Dataset excerpt.
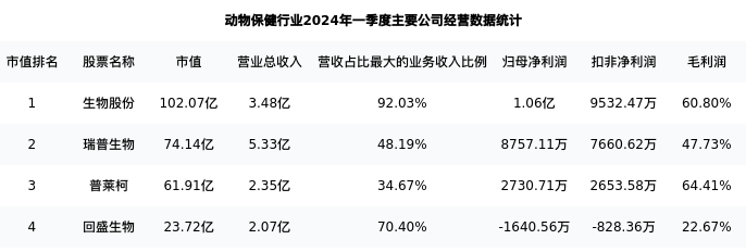 普莱柯最新报告期数据为一季度,下表汇总了动物保健行业内市值靠前的公司一季度主要经营数据
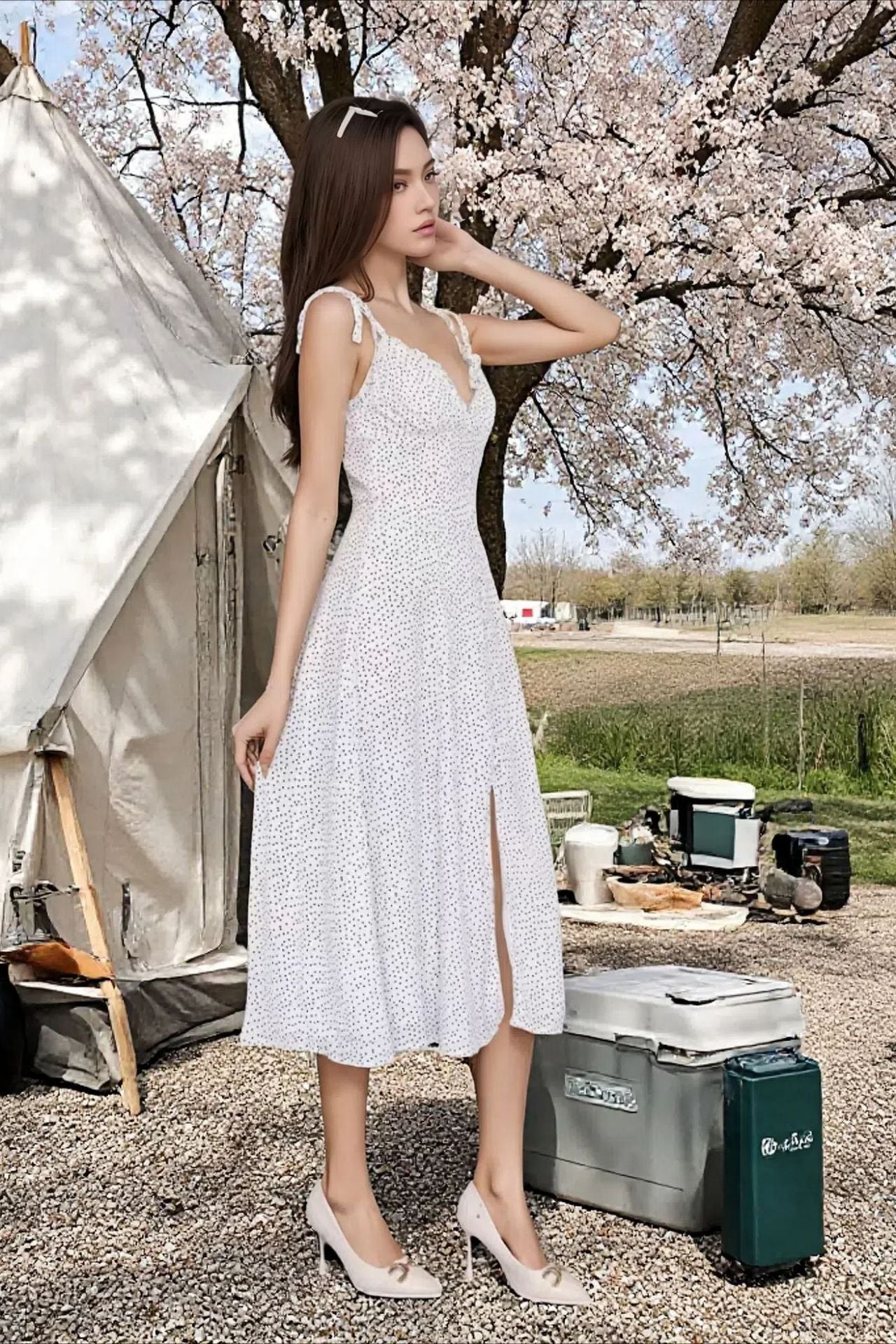 • Details: Punktemuster, offener Rücken, Camisole-Design
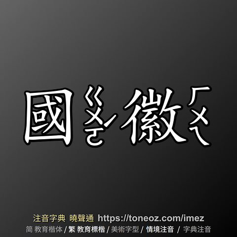 國徽,注音ㄍㄨㄛˊ ㄏㄨㄟ,拼音guó huī,辭典解釋為:由國家制定,用以代表一國的徽誌。如我國以青天白日為國徽。例:中華民國的護照印有青天白日的國徽。
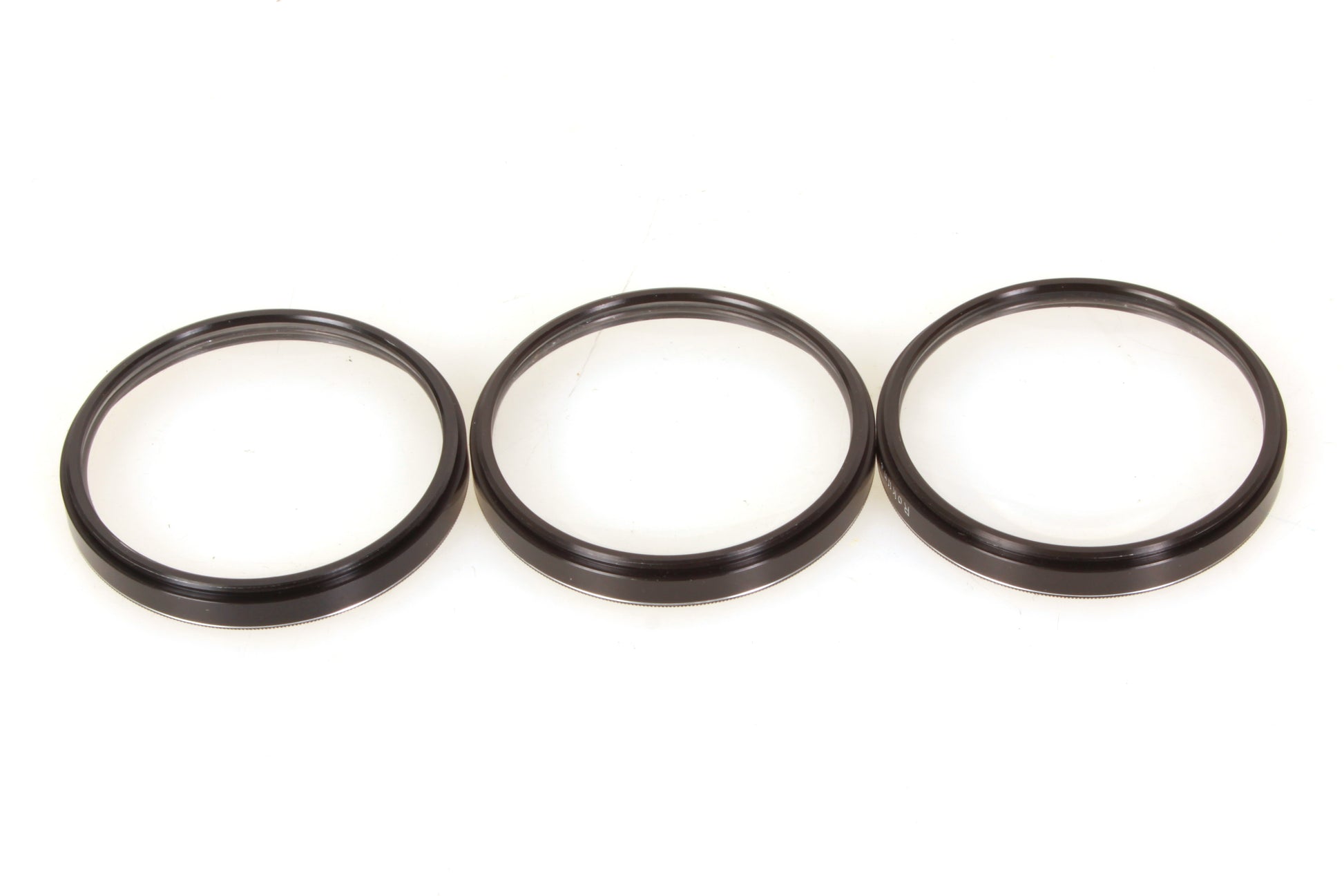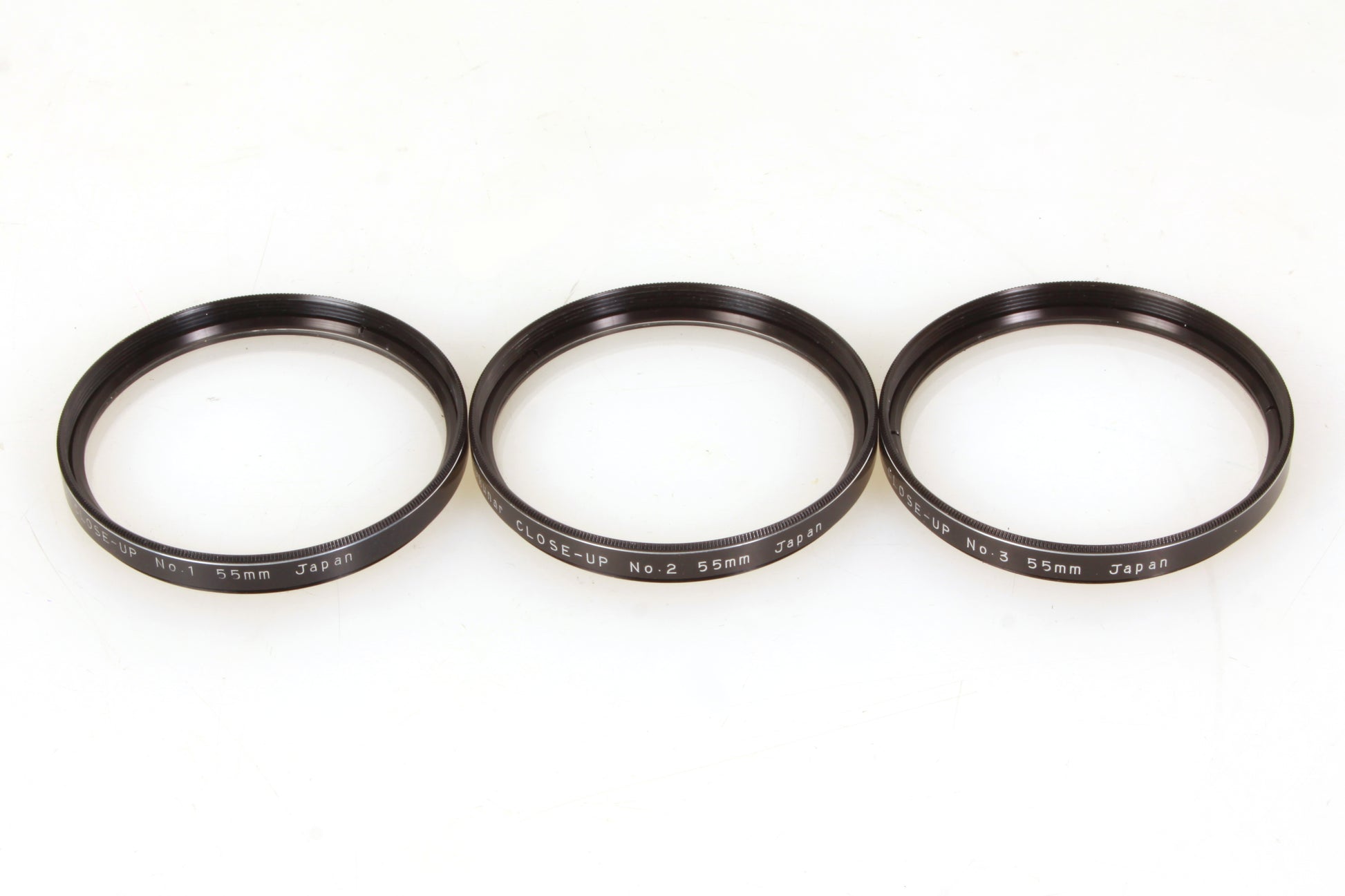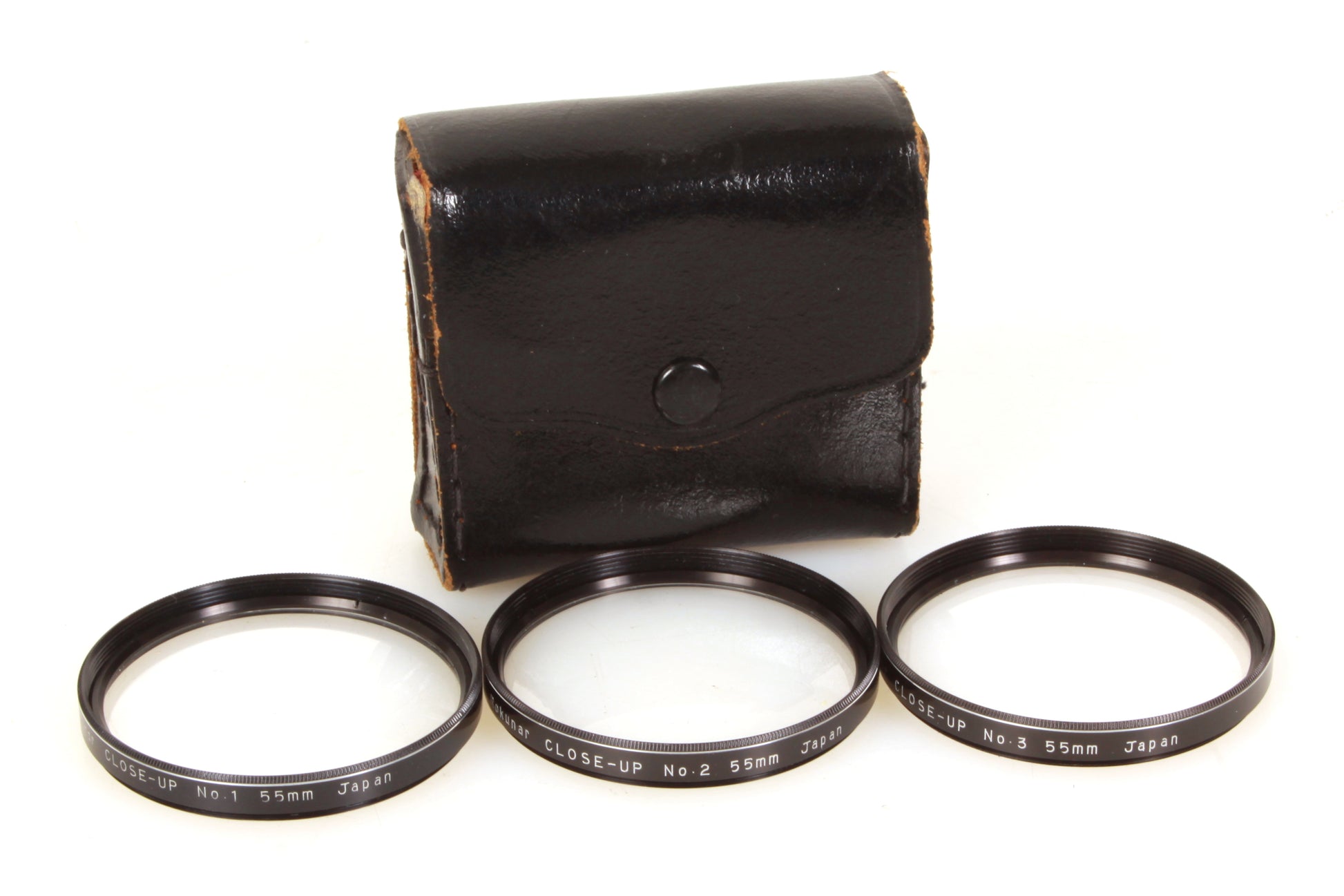 Rokunar 55mm close-up lens set (No. 1, No. 2, No. 3). In good vintage condition with some general signs of use but no obvious major damage. Comes with black leather case which measures approximately 2 7/8 x 2 3/4 x 1 1/4 inches. There is some wear to the case.

Task requirements.
Once you find the line with "offener Rücken, Camisole-Design", restate it and every later line of the data word for word, excluding the pictures.

Reply.
 • Details: Punktemuster, offener Rücken, Camisole-Design
 國徽,注音ㄍㄨㄛˊ ㄏㄨㄟ,拼音guó huī,辭典解釋為:由國家制定,用以代表一國的徽誌。如我國以青天白日為國徽。例:中華民國的護照印有青天白日的國徽。
 Rokunar 55mm close-up lens set (No. 1, No. 2, No. 3). In good vintage condition with some general signs of use but no obvious major damage. Comes with black leather case which measures approximately 2 7/8 x 2 3/4 x 1 1/4 inches. There is some wear to the case.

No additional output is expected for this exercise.